Лукавый сексуальный лжец — страница 35 из 53

Меня возвращает в реальность из этих нелепых рассуждений ее ошибочный шаг — она нажимает на кнопку прыжка вместо выстрела — и ее убивают.

— Черт! — кричит она и шлепает кулаком по подушке. — Да что за нахер!

Я поворачиваюсь к ней, радостно улыбаясь.

— Получается, я тебя сейчас сделал?

— Думаю, ты преувеличиваешь, — она смотрит на часы. — Мы играем целых…

Перебиваю ее, придвинувшись ближе:

— Признайся, что задумалась о моем пенисе, ну давай.

Она швыряет в меня пустую коробку от сока, и ее глаза округляются, когда я ловлю ее на подлете и бросаю ей в грудь.

Лондон бросается на меня, повалив на диван, и, взяв подушку, шлепает меня ею по лицу. Ее заливистый хохот завораживает меня, и, совершенно не готовый к ее нападению, кашляю от смеха и ее агрессивной щекотки.

Я пытаюсь стряхнуть ее с себя, все больше осознавая, что мы делаем — боремся — и на что это похоже — на прелюдию во всей ее красе, дамы и господа — и продолжаю сталкивать на диван, шлепая ее по рукам и щекоча ее подмышками и между ребер, а другой рукой хватаю подушку позади нее и запускаю ей в лицо.

Лондон сильно толкает меня и спихивает с дивана на пол, тут же запрыгивает сверху и, пригвоздив, пускает в ход серьезные борцовские приемы. Мы вопим и хохочем, кто-то сбросил пачку крекеров на пол, и они хрустят под ее плечом, когда я, перевернувшись, меняюсь с ней местами и нахожу место на ее талии, от щекотки которого она истерически взвывает.

Она отбрасывает мою руку, когда та приближается к ее груди, а я реагирую на ее пронзительные вопли, как извращенец, наклонившись вдохнуть ее запах в основании шеи.

Лондон визжит еще громче, и, жесть, кажется, я оглох. Одной рукой прикрыв правое ухо, другой я стараюсь отражать ее неотступное нападение.

И тут до нас обоих одновременно доходит, что я практически лежу на ней, устроившись между ее ног, и так же одновременно мы замираем. Я бы слез с нее, если бы она не держала меня так крепко, схватившись кулаками за футболку, и если бы не путешествовала взглядом по моему телу от живота до лица.

Кажется, можно было досчитать до ста, прежде чем каждый из нас сделал вдох.
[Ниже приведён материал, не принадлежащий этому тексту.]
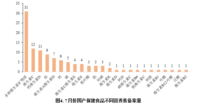 按营养素来看,获得备案凭证的国产保健食品中,补充多种维生素矿物质的产品最多,占7月获批总量的27.93%。补充单一营养素的产品中,补充维生素C的产品居多。补充两种营养素的产品中,补充钙和维生素D的产品居多。

Тут я чувствую, как она скользит ногами вверх по моим бедрам. Чувствую, как ее тело сдается под моим, отчетливо ощущаю мягкое тепло между ее ног. Лондон широко распахивает глаза, и я наблюдаю, как она гуляет взглядом по моему лицу и останавливается на губах.

— Логан?

Она втягивает нижнюю губу в рот, чтобы сдержать улыбку,

Подаюсь бедрами вперед — совсем чуть-чуть, но все же достаточно, чтобы сильнее почувствовать ее нежный жар. Ее взгляд тяжелеет, рот приоткрывается, а по груди разливается румянец. А от одного ее сдавленного вдоха я из полутвердого превращаюсь в отчаянно жаждущего ее.

— Люк.

— Блядь, — рычу я и, наклонившись, прижимаюсь ртом к ее шее, ритмично прижимаясь к ней бедрами.

Я чуть не кончил от ее звуков: приглушенных сдержанных вскриков, — и, трахая ее сквозь слои нашей одежды, облизывая и посасывая ее кожу, я чувствую, как становлюсь невменяемым от такой близости.
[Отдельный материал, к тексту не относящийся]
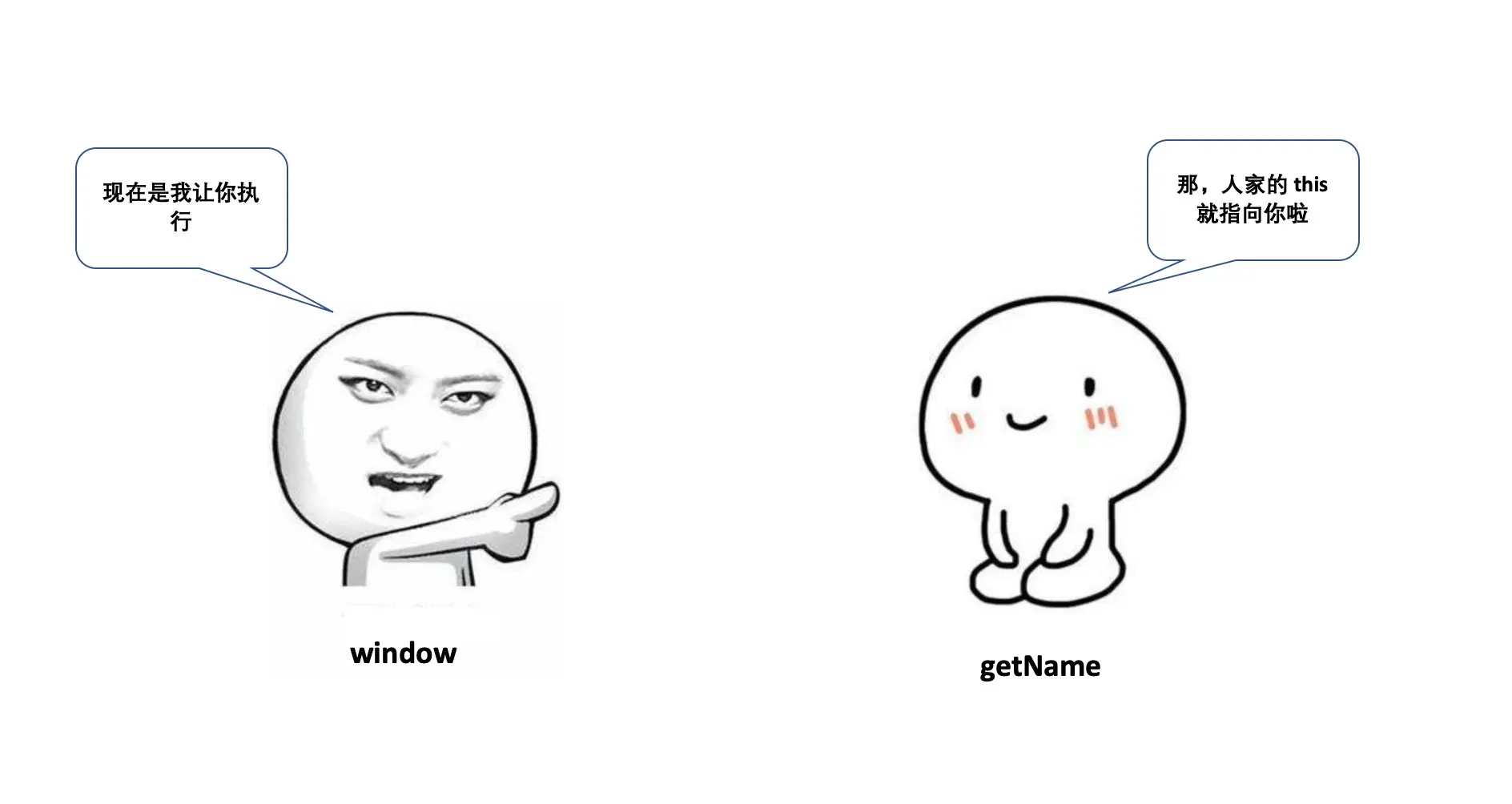 定义一个对象,将getName当做这个对象的方法,最后通过obj.getName()来执行,你会惊喜的发现,this已经指向了obj。原因就是:调用函数的对象是obj

Моя потребность в ней набирает обороты, перерастая из обжигающей безумной страсти во что-то большее, в нечто, что стискивает легкие и грозит меня сокрушить.

— Мне не хватало этого, — не отрывая губ от ее шеи, говорю я. — Мне пиздец как не хватало этого ощущения тебя…

Три грубых толчка, и она, проведя руками мне по груди, снова сминает в кулаках край футболки.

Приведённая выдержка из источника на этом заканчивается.